- Born: 1965 (age 60–61)
- Other name: Wang Yi
- Occupation: Human rights activist
- Known for: Sentenced to re-education through labor after re-tweeting a Twitter post

= Cheng Jianping =

Chinese political dissident and human rights activist

Cheng Jianping (程建萍 (Chéng Jiànpíng)) also known as Wang Yi (王译) is a Chinese political dissident and human rights activist who was sentenced in November 2010, when she was 46 years old, to a year of re-education through labor after she posted comments to her Twitter account saying, "Charge, angry youth!"

==Twitter remark==

The Twitter posting was made while China and Japan were involved in a diplomatic conflict over a group of islands in the East China Sea named Diaoyu (Chinese) or Senkaku (Japanese). Chinese protesters had been demonstrating against Japan, boycotting Japanese products and attacking Japanese-owned businesses to show their support for the Chinese government.

Cheng's post was actually a retweet of a post by her fiancé Hua Chunhui who originally wrote:

"Anti-Japanese demonstrations, smashing Japanese products, that was all done years ago by Guo Quan. So it's no new trick. If you really wanted to kick it up a notch, you'd immediately fly to Shanghai to smash the Japanese Expo pavilion."

Cheng then added her three-word comment, which both she and her fiance described as sarcastic satire, a joke criticizing the demonstrators.

==Arrest==

The comments made on October 17, 2010 were seen by the Chinese government as "disrupting public order", interpreted as attempting to incite anti-Japanese protesters to attack Japan's pavilion at the Shanghai Expo.

Hua and Cheng were to be married on October 27, but before the ceremony, Cheng disappeared from the southeastern city of Wuxi. It was revealed the week of November 17 that she had been detained by police. Her fiance was also detained on October 27, and was released five days later.

Cheng was sentenced on November 12 to one year of re-education through labor at the Shibalihe River women's labour camp in Zhengzhou city in Henan Province.

==Imprisonment==

Since the imprisonment Cheng has started a hunger strike protesting the sentence and seeking relocation closer to home. Her lawyer Lan Zhixue and her fiance have appealed the sentence. (Under China’s legal system, police can send people to re-education through labor for up to four years without trial. Few appeals are successful).

==International response==

The Chinese government's response brought attention to the risks of using Twitter for controversial political issues, as well as criticism from human rights and open technology groups. “Sentencing someone to a year in a labor camp, without trial, for simply repeating another person’s clearly satirical observation on Twitter demonstrates the level of China’s repression of online expression,” said Sam Zarifi, Amnesty International’s Director for the Asia-Pacific.

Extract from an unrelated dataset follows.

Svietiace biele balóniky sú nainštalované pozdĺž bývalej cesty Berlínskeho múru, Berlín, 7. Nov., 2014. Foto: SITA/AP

The organization further commented, "Cheng may be the first Chinese citizen to become a prisoner of conscience on the basis of a single tweet." Twitter CEO Dick Costolo posted to his Twitter account, "Dear Chinese Government, year-long detentions for sending a sarcastic tweet are neither the way forward nor the future of your great people."

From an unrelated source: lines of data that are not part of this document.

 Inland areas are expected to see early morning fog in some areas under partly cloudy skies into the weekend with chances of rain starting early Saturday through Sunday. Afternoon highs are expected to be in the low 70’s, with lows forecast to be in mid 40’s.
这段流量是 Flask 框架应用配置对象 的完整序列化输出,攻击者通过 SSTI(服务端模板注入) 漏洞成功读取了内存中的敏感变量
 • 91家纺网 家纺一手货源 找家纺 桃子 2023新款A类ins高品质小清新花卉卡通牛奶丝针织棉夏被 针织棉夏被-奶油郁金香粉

Twitter is currently banned in China, but many people circumvent internet controls to use it.

==Support for other activists==

Amnesty International said Cheng had participated in low-level online activism, including sending online messages in support of jailed Nobel Peace Prize Laureate Liu Xiaobo. According to her fiance, Cheng's prior activism included signing petitions including one calling for the release of Liu Xiaobo.

Cheng had also been detained by police for five days in August 2010 after voicing support for Liu Xianbin, a long-time democracy activist dating back to the protests that preceded the Tiananmen Square massacre in 1989. Liu Xianbin had been detained in 2010, suspected of inciting subversion of state power for criticizing China's Communist Party.

Cheng had also raised support for Zhao Lianhai, a former food safety worker who became an activist for parents of children harmed during the 2008 Chinese milk scandal.

Chinese Human Rights Defenders described Cheng as an active participant in Weiquan tactics, bringing attention to government abuses by identifying officials by name, and putting pressure on them through protests and phone calls.